▶ _Work instruction_:
Only a slice of the listing below is wanted. Retype the lines from the one containing "FACA 301-ISE (Electrolyte" through the one containing "- Purina Friskies", exactly, both ends included.

▶ _Dataset extract_:
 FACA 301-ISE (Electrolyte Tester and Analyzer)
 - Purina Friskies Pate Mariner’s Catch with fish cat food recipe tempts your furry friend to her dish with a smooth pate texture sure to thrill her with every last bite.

* * *

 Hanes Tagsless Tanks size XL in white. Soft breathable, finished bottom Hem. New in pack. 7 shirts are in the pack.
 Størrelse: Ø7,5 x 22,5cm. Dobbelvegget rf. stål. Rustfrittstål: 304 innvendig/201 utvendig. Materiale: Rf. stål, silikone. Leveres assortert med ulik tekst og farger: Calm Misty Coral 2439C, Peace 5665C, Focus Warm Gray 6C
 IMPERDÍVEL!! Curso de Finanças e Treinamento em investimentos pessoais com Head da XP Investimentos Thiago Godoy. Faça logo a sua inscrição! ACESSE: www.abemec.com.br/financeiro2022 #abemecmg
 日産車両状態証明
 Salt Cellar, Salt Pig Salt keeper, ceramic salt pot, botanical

▶ _Result of this exercise_:
 FACA 301-ISE (Electrolyte Tester and Analyzer)
 - Purina Friskies Pate Mariner’s Catch with fish cat food recipe tempts your furry friend to her dish with a smooth pate texture sure to thrill her with every last bite.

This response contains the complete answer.